**Activity**
With pictures left out, extract every line between the start of the records below and the line holding "Ferienwohnung bietet Platz", inclusive.

**Entries provided**
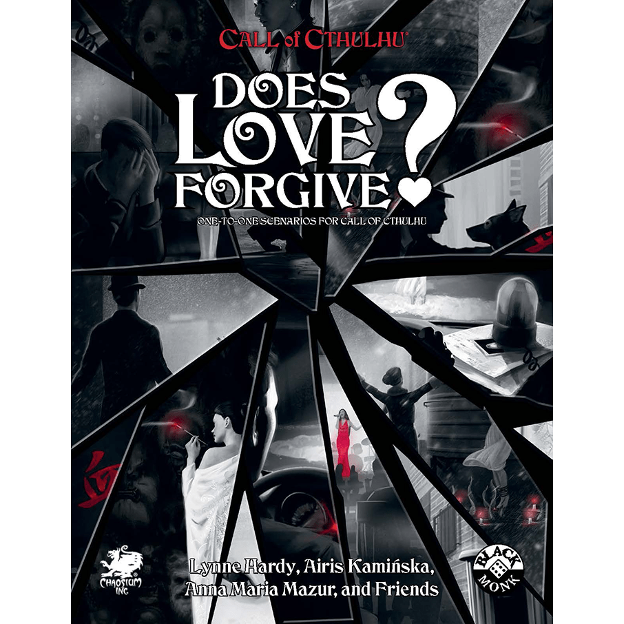 Does Love Forgive? is a collection of two special scenarios for Call of Cthulhu for one Keeper and one player. Both adventures are perfect for a fun evening of gaming for two people. Each scenario can be played over the course of one to two sessions, and is suitable for Keepers of all experience levels.
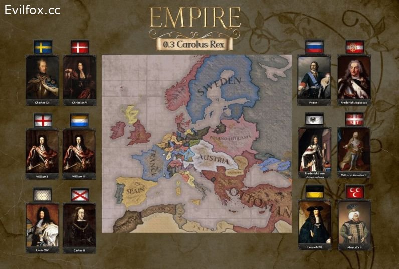 Empire is set in the early 18th century and explores both the War of the Spanish Succession and the Great Northern War, featuring great figures in history such as Louis XIV, Peter the Great & Carolus Rex. This mod features custom focus trees, ideas, a bunch of events and a lot more.
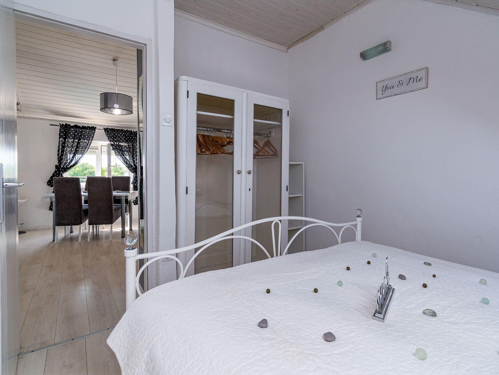 Ferienwohnung bietet Platz für 5 Gäste. Die Betten sind in Schlafzimmern, die es 2 gibt, und in Wohnzimmer, innerhalb einer Gesamtfläche von 42m2, angeordnet. Die Gäste haben eine eigene Terrasse zur Verfügung, auf der sie in warmen Sommernächten genießen können. Das Apartment bietet Meerblick. Es ist erlaubt, Speisen auf dem Gemeinschafts-Grill vorzubereiten. Während ihres Aufenthalts können Gäste das gemeinsam zur Nutzung stehende Schwimmbad benutzen. IM PREIS INBEGRIFFEN: Kurtaxe, Endreinigung, Klimatisierung, Pool, Parkplatz, Internet. Die Verfügbarkeit zusätzlicher Dienstleistungen in Ihrem reservierten Termin und die Preise derselben (falls nicht aufgeführt) müssen im Voraus überprüft werden. Zusätzliche Dienstleistungen die in der Zahlungsaufforderung nicht aufgeführt sind werden direkt beim Vermieter bezahlt, angenommen der Gast nutzt auch diese.
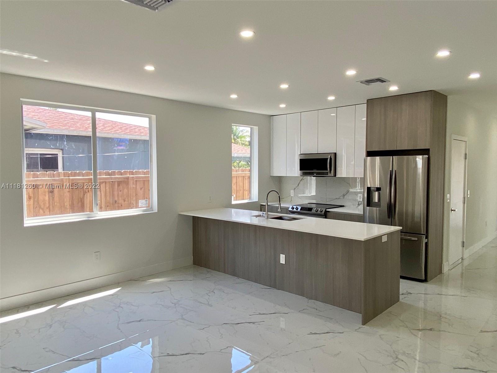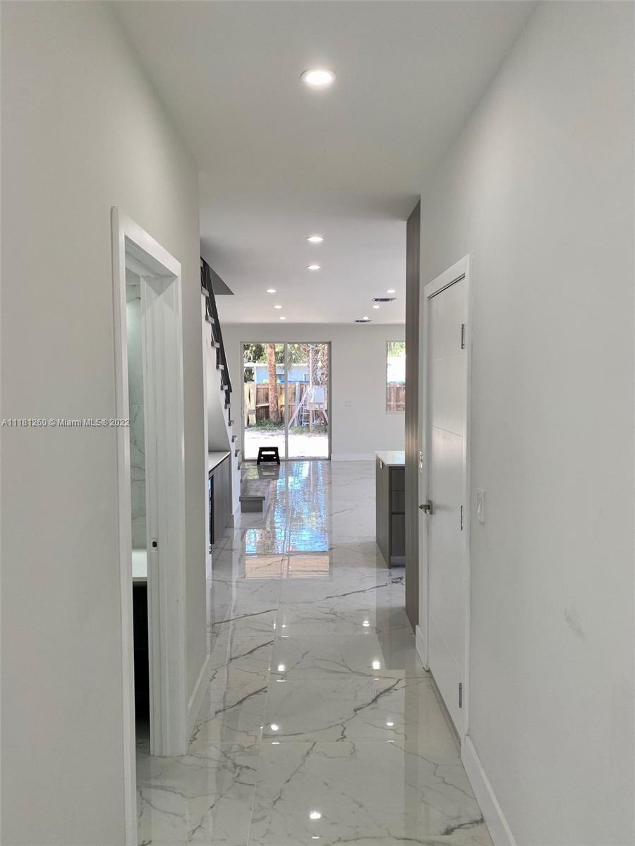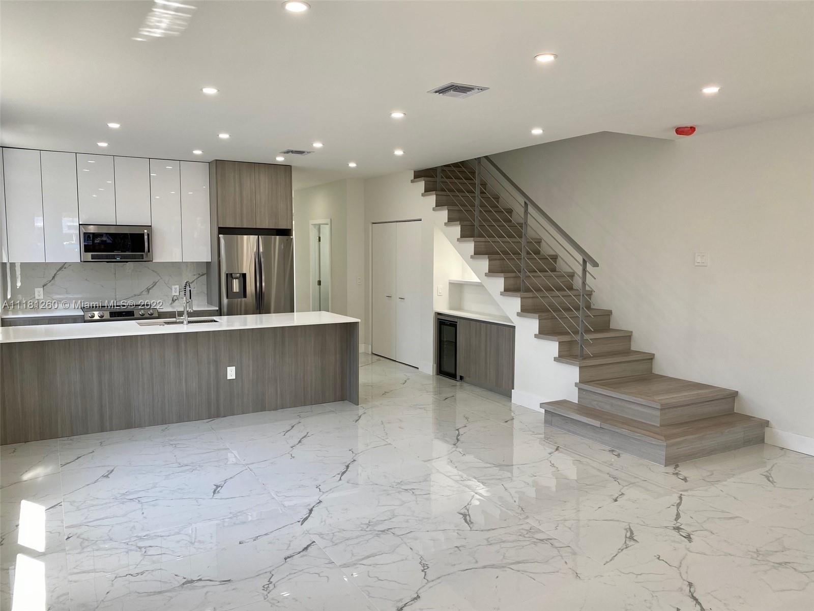 2022 NEW Contemporary Townhouse in Croissant Park, Ft Lauderdale. Modern design planned with all high-end features throughout. Interior: 3 Bedrooms and 2.5 Baths in 2438 sqft total. Elegant 9' high flat ceiling. Open floorplan with spacious kitchen with SS appliances package, quartz counter tops, peninsula and custom designed cabinets. Generous Master with private balcony, ensuite bath and walk-in closet. Porcelain Tile throughout 1st floor and 100% water-resistant PVC flooring on 2nd floors and stairs. Hurricane Impact rolling windows and doors. Laundry closet with full size W and D. Nest thermostat. Front door Ring Video Doorbell. Home Security camera system installed. Exterior with Private POOL and professionally sodded, landscaped and irrigated. No HOA fees. Ready June 2022.
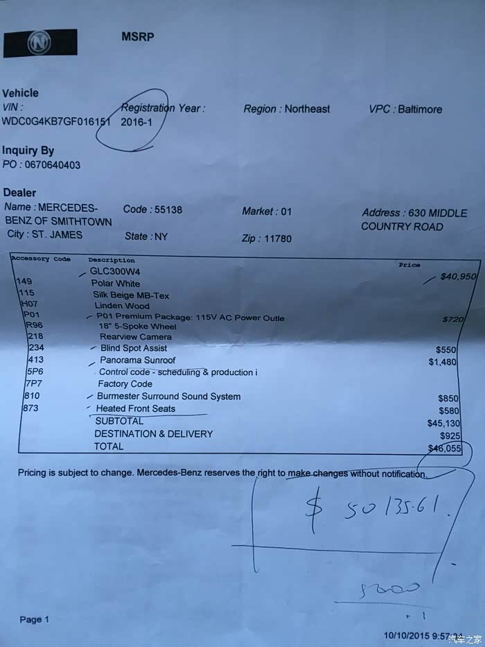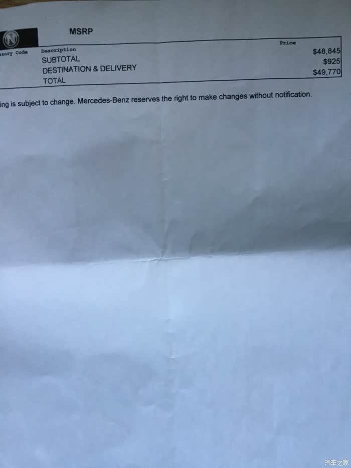 奔驰销售给我的GLC报价,没有一点优惠,所以只能放弃
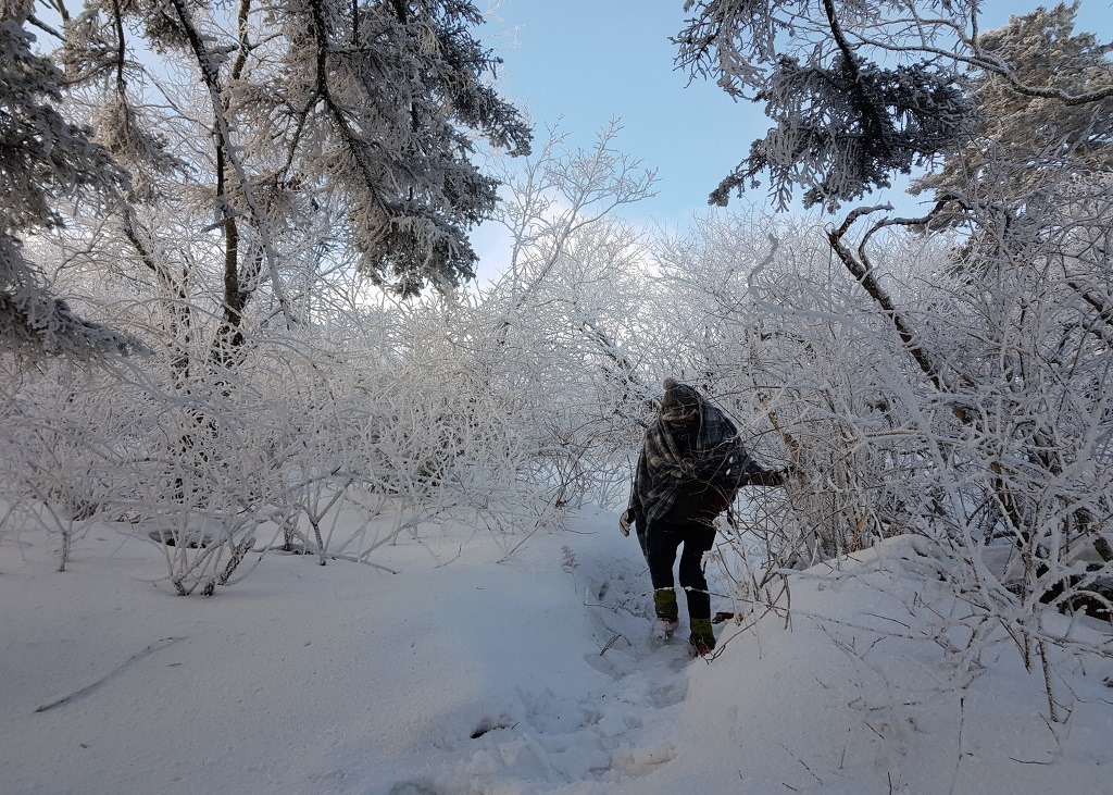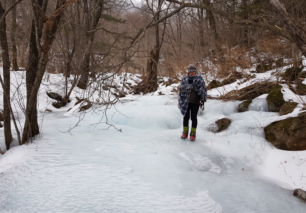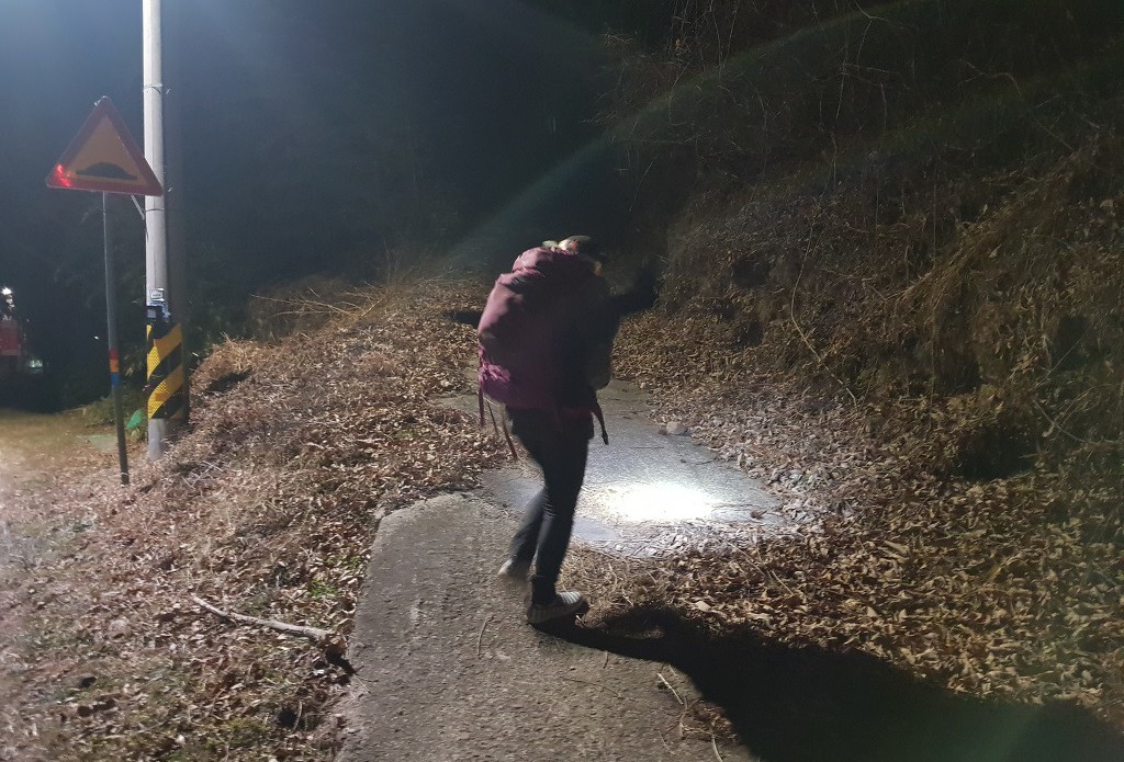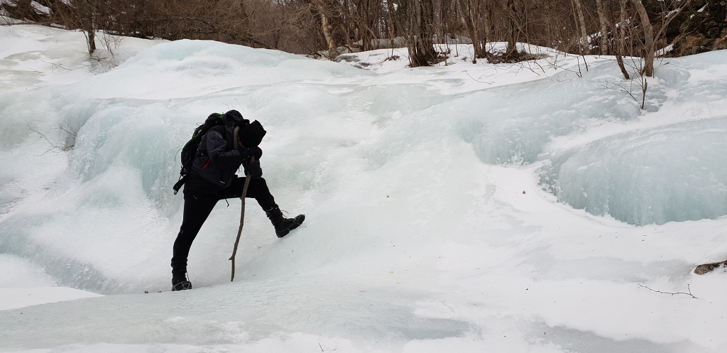 눈길에 힘을 못쓰는 깽이님 아이젠만 착용해 드리고

**Solution to this problem**
 Does Love Forgive? is a collection of two special scenarios for Call of Cthulhu for one Keeper and one player. Both adventures are perfect for a fun evening of gaming for two people. Each scenario can be played over the course of one to two sessions, and is suitable for Keepers of all experience levels.
 Empire is set in the early 18th century and explores both the War of the Spanish Succession and the Great Northern War, featuring great figures in history such as Louis XIV, Peter the Great & Carolus Rex. This mod features custom focus trees, ideas, a bunch of events and a lot more.
 Ferienwohnung bietet Platz für 5 Gäste. Die Betten sind in Schlafzimmern, die es 2 gibt, und in Wohnzimmer, innerhalb einer Gesamtfläche von 42m2, angeordnet. Die Gäste haben eine eigene Terrasse zur Verfügung, auf der sie in warmen Sommernächten genießen können. Das Apartment bietet Meerblick. Es ist erlaubt, Speisen auf dem Gemeinschafts-Grill vorzubereiten. Während ihres Aufenthalts können Gäste das gemeinsam zur Nutzung stehende Schwimmbad benutzen. IM PREIS INBEGRIFFEN: Kurtaxe, Endreinigung, Klimatisierung, Pool, Parkplatz, Internet. Die Verfügbarkeit zusätzlicher Dienstleistungen in Ihrem reservierten Termin und die Preise derselben (falls nicht aufgeführt) müssen im Voraus überprüft werden. Zusätzliche Dienstleistungen die in der Zahlungsaufforderung nicht aufgeführt sind werden direkt beim Vermieter bezahlt, angenommen der Gast nutzt auch diese.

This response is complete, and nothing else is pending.